Optional arguments. The following options are DSS options for differential methylation analysis to find differentially methylated CpGs between haplotypes:
  --delta_cutoff DELTA_CUTOFF, -dc DELTA_CUTOFF
                        0-1. A threshold for defining differentially
                        methylated loci (DML) or CpGs. In DML testing
                        procedure, hypothesis test that the two groups means
                        are equal is conducted at each CpG site.
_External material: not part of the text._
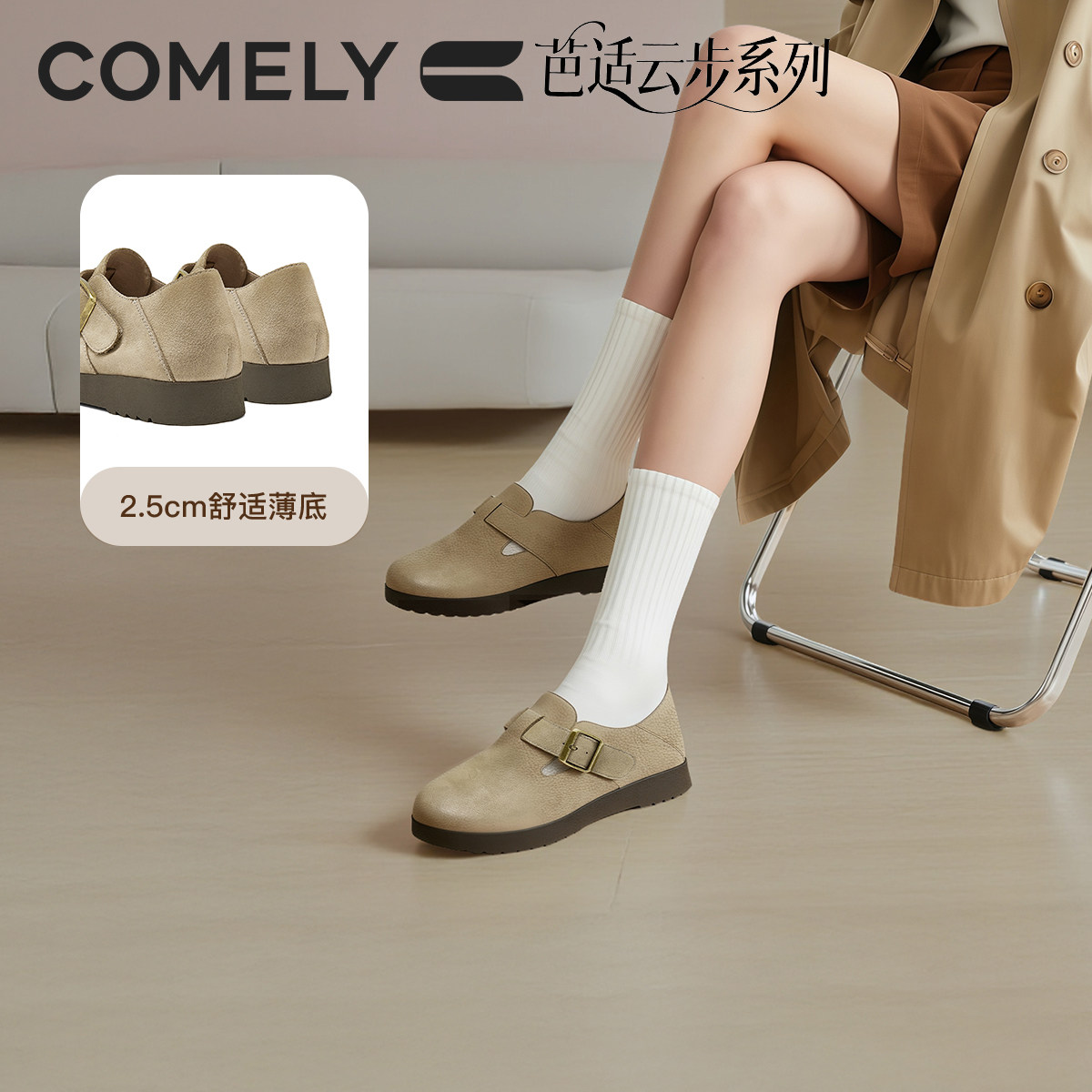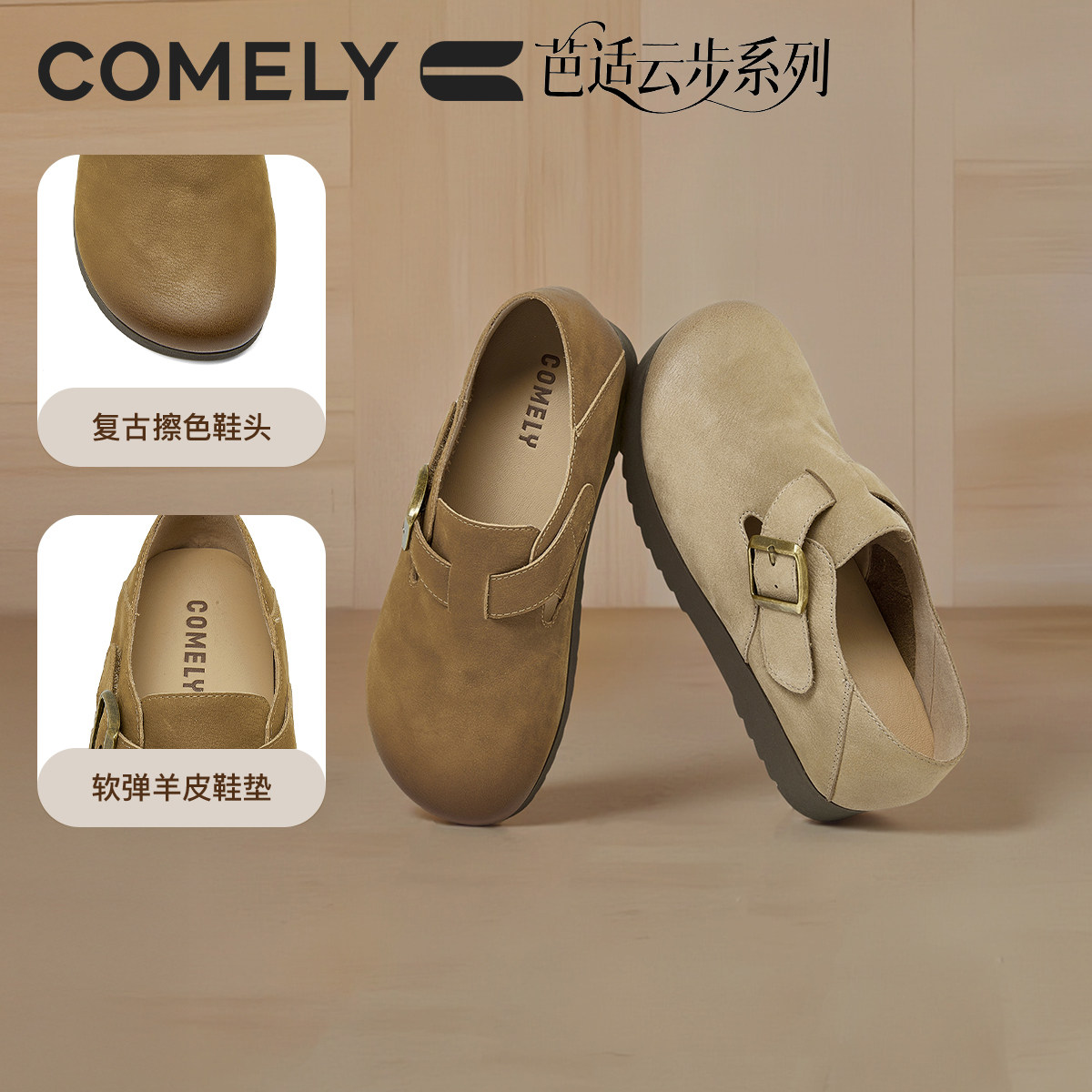 康莉复古勃肯鞋女春秋季新款牛皮厚底一脚蹬懒人鞋博肯鞋商场同款

Here if delta
                        is specified, the function will compute the posterior
                        probability that the difference of the means are
                        greater than delta, and then call DML based on that.
                        Default is 0.075.
  --pvalue PVALUE, -pv PVALUE
                        0-1. When delta is not specified, this is the
                        threshold of p-value for defining DML and loci with
                        p-value less than this threshold will be deemed DMLs.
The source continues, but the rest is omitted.